American Radical: The Life and Times of...
AMY GOODMAN: I.F. Stone famously said, “All governments lie.”
D.D. GUTTENPLAN: Yes, but he also said the truth slips out, because they lie, but they put out so much information that they can’t always hide things.
I want to talk about Vietnam for just a second, because, in a way, the most important issue of I.F. Stone’s Weekly was in 1965 after the State Department put out a white paper on Vietnam justifying the American escalation of the war. And they basically painted the Viet Cong as tools of North Vietnam who were, in turn, tools of Moscow and China, so that the whole war could have been stopped, in the view of the Johnson administration, which later became the view of the Nixon administration, if you put sufficient pressure on Moscow and China.
And what Stone showed was—he basically went to the appendix. He always said you should read a government document from the back, because that’s where they put the stuff they don’t want you to notice, which they have to include, but they don’t want you to notice it. So at the back of the State Department white paper was a report on weapons captured by the US forces in Vietnam. And Stone showed—it was a detailed list—that 95 percent of these weapons were made in the West, that they were either American or British, and that they had obviously been captured by the army of—you know, the Vietnamese army that we were arming, so that, you know, far from being a Moscow-equipped and–backed force, the Viet Cong were an indigenous native opposition to the South Vietnamese government and that their—and their weapons came from the weapons we were giving to the army that they were defeating.
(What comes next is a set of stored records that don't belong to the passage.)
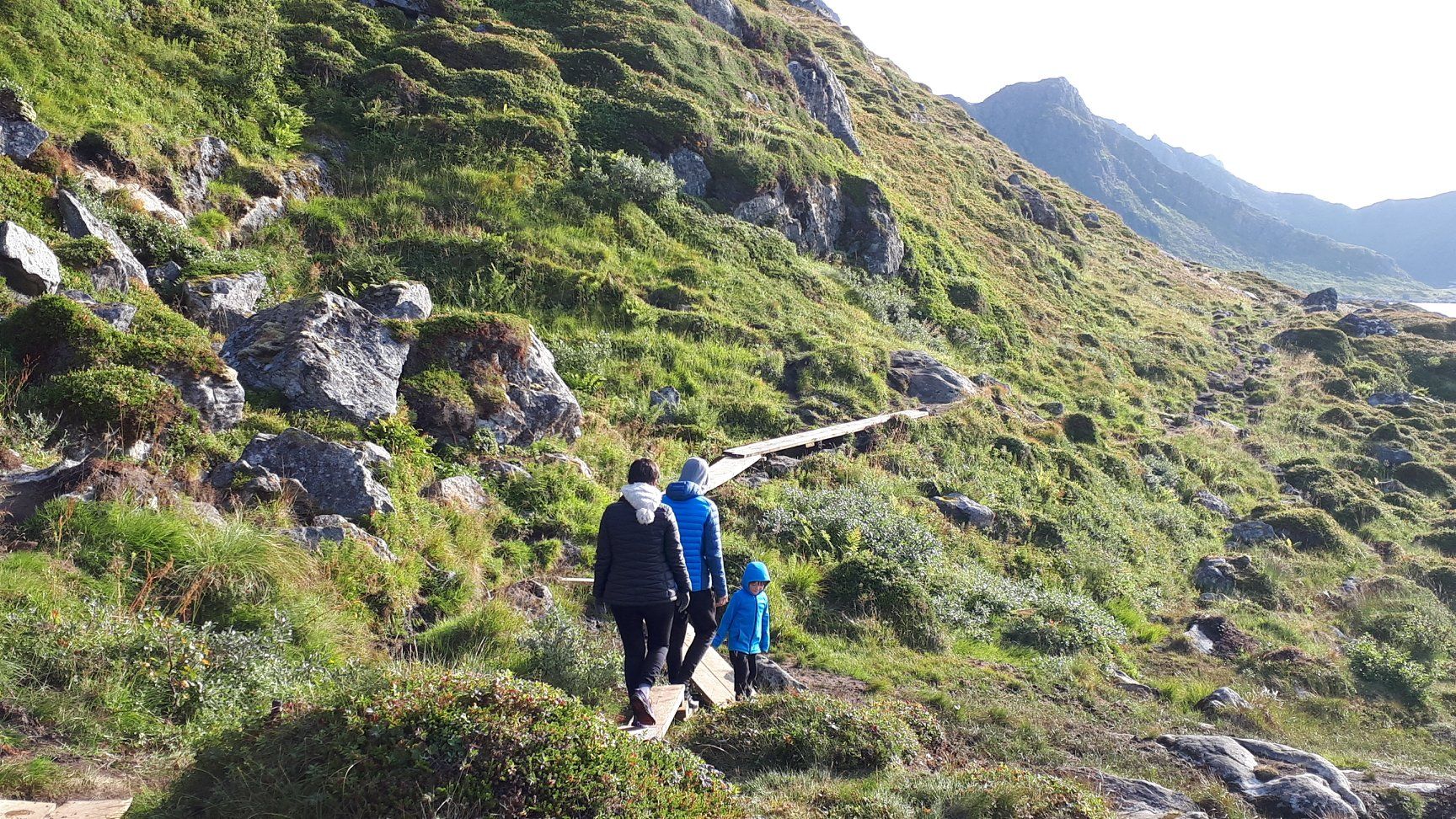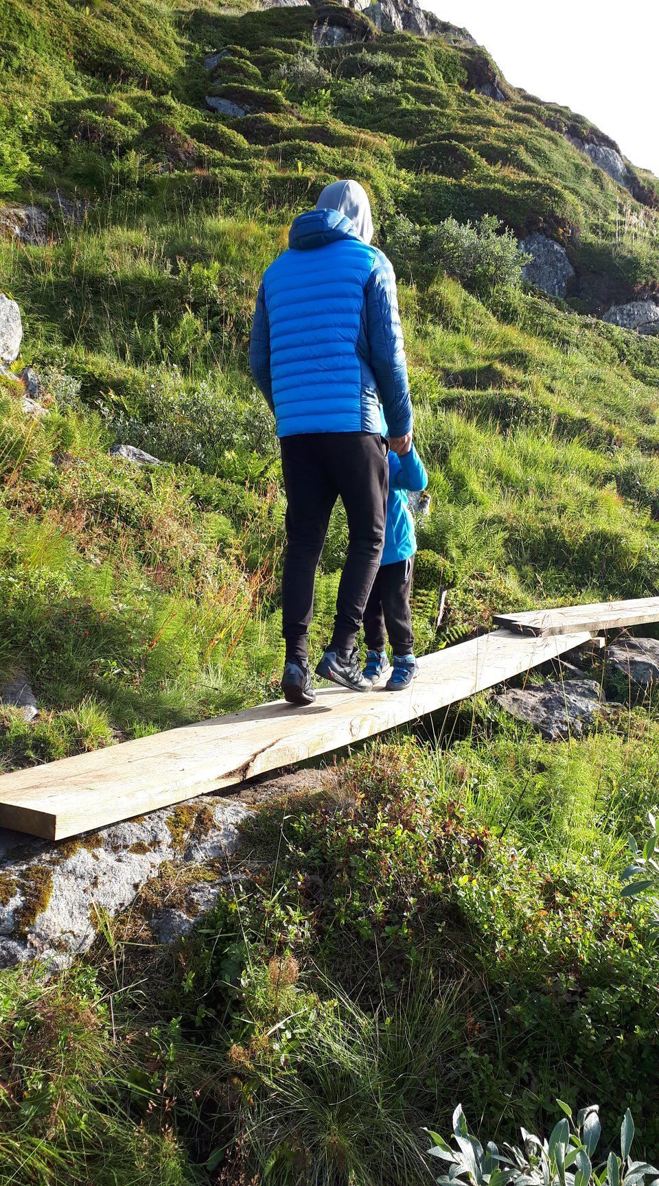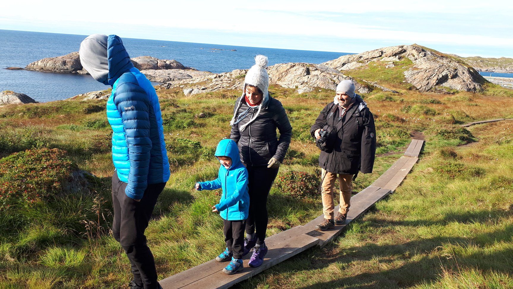 Belle balade avec Vero et Simon sur une partie du sentier de la reine reliant Stø à Nyksund. De parties de cache-cache en trampoline sur les lattes de bois suspendues, le temps passe vite, on s'amuse!!!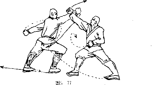 乙右脚在前方一步下落,两腿成右弓步:同时右拳由后 向前劈砸甲头部,拳心斜向左,拳眼斜向上;左臂屈肘左拳 收护于腰间,拳心向内,拳眼斜向前。目视右拳。甲右弓步不变;右拳在前向上架拨乙方右腕,拳心向 左,拳眼上;左拳于左后侧,拳心向左,拳眼向上。目 视右拳(图5—77)。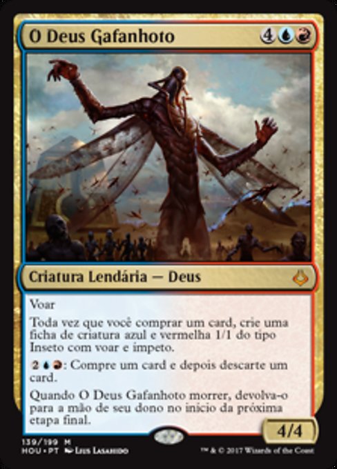![]() Variations— Parts— | Бог-Саранча4 / 4 Полет Каждый раз, когда вы берете карту, создайте одну фишку существа 1/1 синее и красное Насекомое с Полетом и Ускорением. Когда Бог-Саранча умирает, верните его в руку его владельца в начале следующего заключительного шага.
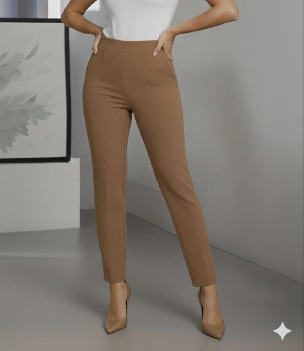 Kadın Yüksek Bel Ithal Krep Pantolon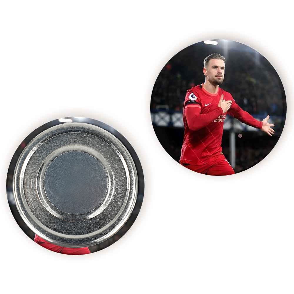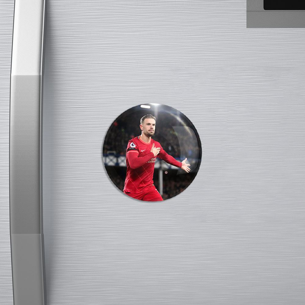 مگنت جردن هندرسون Jordan Henderson خندالو با روکش سلفون مات مخملی ضدخش و قطعه پشتی فلزی تولید شده است که آهنربای اتمی بکار برده شده در محصول، بصورت مخفی تعبیه شده ودیده نمی شود. ضمن اینکه گیرایی بسیار بالایی داشته و به هیچ عنوان از روی یخچال نمی افتد.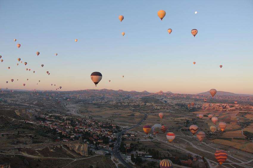 Türkiye’nin önemli turizm merkezlerinden Kapadokya bölgesinde olumsuz hava şartları nedeniyle 3 gündür yapılamayan sıcak hava balon turları bu sabah yeniden yapıldı. Yerli ve yabancı turistlerin büyük ilgi gösterdiği sıcak hava balon turlarına katılanlar yaklaşık 1 saat boyunca peribacalarını kuşbakışı izlemenin mutluluğunu yaşadı.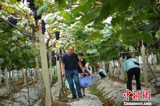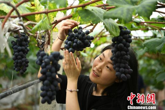 圖為市民葡萄園內(nèi)自己體驗(yàn)采摘!£惓z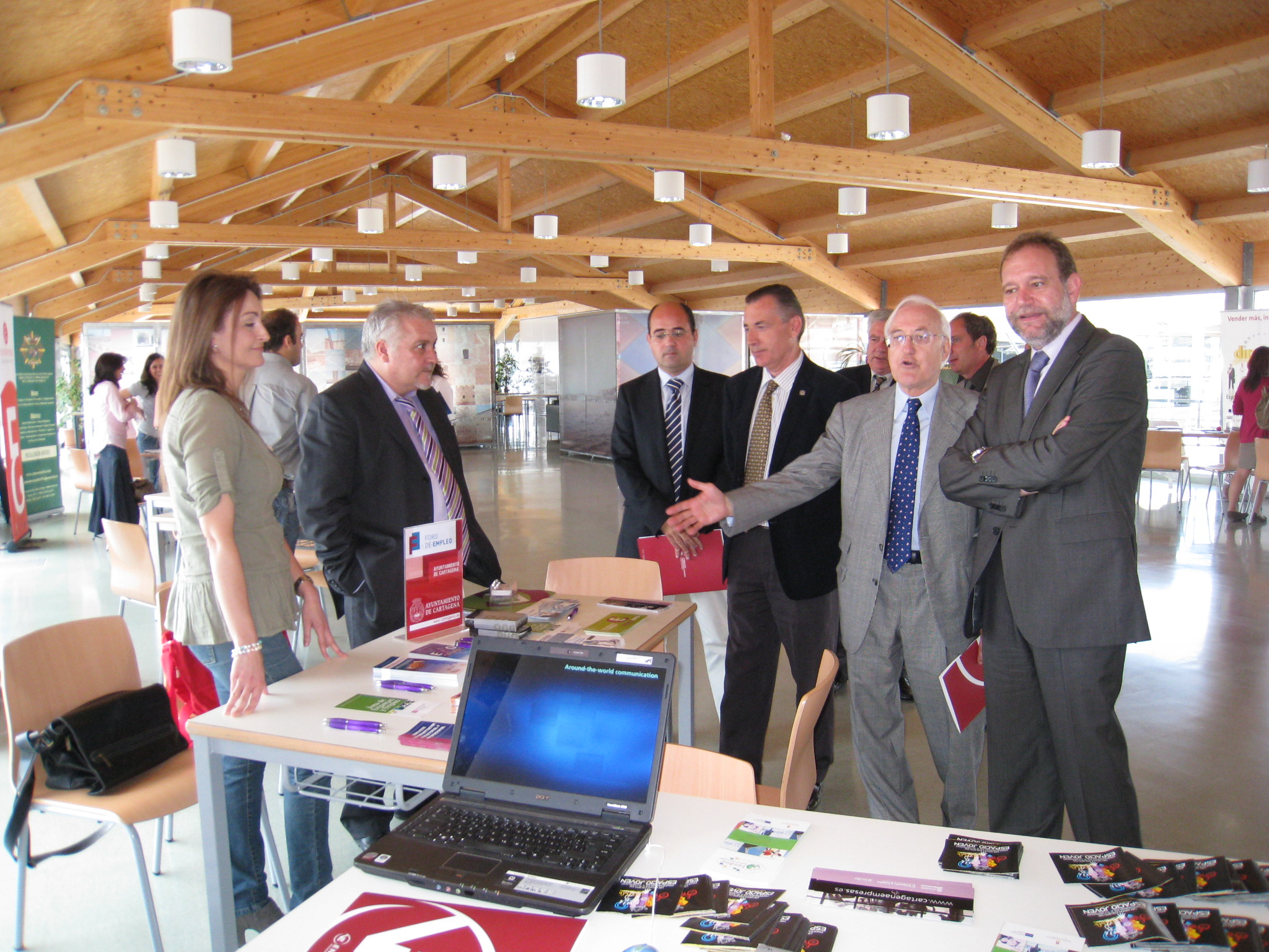 El consejero de Educación, Formación y Empleo, Constantino Sotoca, visita los stand del Foro de Empleo Universitario de Cartagena 2011, junto con el director gerente de la Fundación Universidad Empresa de la Región de Murcia, Enrique Egea

And this—in a sense, what was important about it is, first of all, that it exposed the government’s big lie about Vietnam, and secondly, it gave legitimacy and credibility to the opposition, because it came out of the time when, for example, the Students for a Democratic Society were trying to decide what was the big issue to organize around in the United States. And they asked Stone to speak to them. And that’s sort of interesting, because he was a lot older than they were. And, you know, in general, they didn’t have a lot of time for journalists of his generation. He was the only journalist asked to speak at the first Vietnam War Moratorium. And he basically said, “Look, the government is carrying on this war, and there’s no peace movement here.” You know, there were stirrings of a peace movement, but it had been so terrorized by McCarthyism and so marginalized that he felt that that was the most important cause, and that was what they should throw themselves into wholeheartedly.